This affects many families in our community and region in north-east India, who use simple coal burning stoves. These stoves emit copious amounts of smoke and carbon monoxide, making them a real health concern. Essentially women and children can develop smoker’s lungs just through cooking and being around the home.

Preparing food for your family really shouldn’t be like this. So we’re excited to see potential for real progress coming within reach of the poor.

Over about the last 20 years, the very promising technology of wood-gas stoves (or micro gasifiers) has been developing. These stoves can use any kind of dry chunky biomass as a fuel (such as coconut shells, wood chips, carpentry wastes, manure etc.) But these are gas burning stoves, since instead of burning the biomass in one step, it is first gasified, and then the gas is burnt (all inside one simply constructed portable stove).

The process produces far less harmful air pollutants, and so this kind of stove (among others) is recognized by the WHO as having the potential to dramatically improve the health of some 3 billion people who are still exposed to excessive indoor air pollution.

Another benefit of wood-gas stoves is that once the fuel has been gasified it leaves behind a charcoal called ‘biochar’. Biochar has excellent properties for boosting soil productivity by retaining moisture and being a perfect home for lots of friendly soil microbes.
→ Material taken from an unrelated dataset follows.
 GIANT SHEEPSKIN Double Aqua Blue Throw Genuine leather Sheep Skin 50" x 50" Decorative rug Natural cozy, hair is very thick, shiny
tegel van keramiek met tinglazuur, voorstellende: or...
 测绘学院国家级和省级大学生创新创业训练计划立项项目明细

Also, when biochar is added to soils, it locks up carbon in the soil. The result is that cooking with these stoves is actually a ‘carbon-negative’ process. This means there is also potential to generate carbon offsets from wood-gas stove projects. Revenue from carbon offsets sold to people in the west can make the stoves financially accessible to the poor by enabling them to pay off their stove through the biochar they produce. Then once they’ve paid off their stove, families can get on-going economic uplift through using their stove and continuing to produce biochar.

 

Having thought and prayed about it, we’ve come to feel that this could be a good way for us as a foreigners to come alongside our community for its blessing. So our plan is to start a social business operating in the slums of our area with the goals of:

– getting clean burning stoves into the community for the health benefit of the people

– generating employment for people from the slums to manufacture the stoves

– buying back biochar from families using money from carbon offsets sold to people in the west (thereby making the stoves affordable for the poor)
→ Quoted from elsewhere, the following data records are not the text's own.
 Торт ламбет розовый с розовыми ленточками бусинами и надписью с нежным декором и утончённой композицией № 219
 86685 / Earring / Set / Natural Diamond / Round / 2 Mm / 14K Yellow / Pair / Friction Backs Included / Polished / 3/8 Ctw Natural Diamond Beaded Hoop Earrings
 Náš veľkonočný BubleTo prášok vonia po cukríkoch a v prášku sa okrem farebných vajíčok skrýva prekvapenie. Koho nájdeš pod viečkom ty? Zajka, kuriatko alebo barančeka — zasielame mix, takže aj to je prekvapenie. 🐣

– helping provide a way for people living in the west to reduce their carbon footprint and so live a little more responsibly as global citizens

– getting biochar into the soils of urban gardens and farms outside the city for healthier soils and greater crop yields

– helping establish a small cottage industry in biomass fuel supply (probably amongst a very poor community that live around and make their livelihoods from the local dump)

 

We are excited by a lot of potential good that could come out of all of this. But we also want to take things slowly. We want to do it in a way that empowers people in our community, that gives them ownership, helps them find some of their undiscovered potential, nurtures their gifts and dreams, and maybe helps cast a vision for business done for the blessing of the community.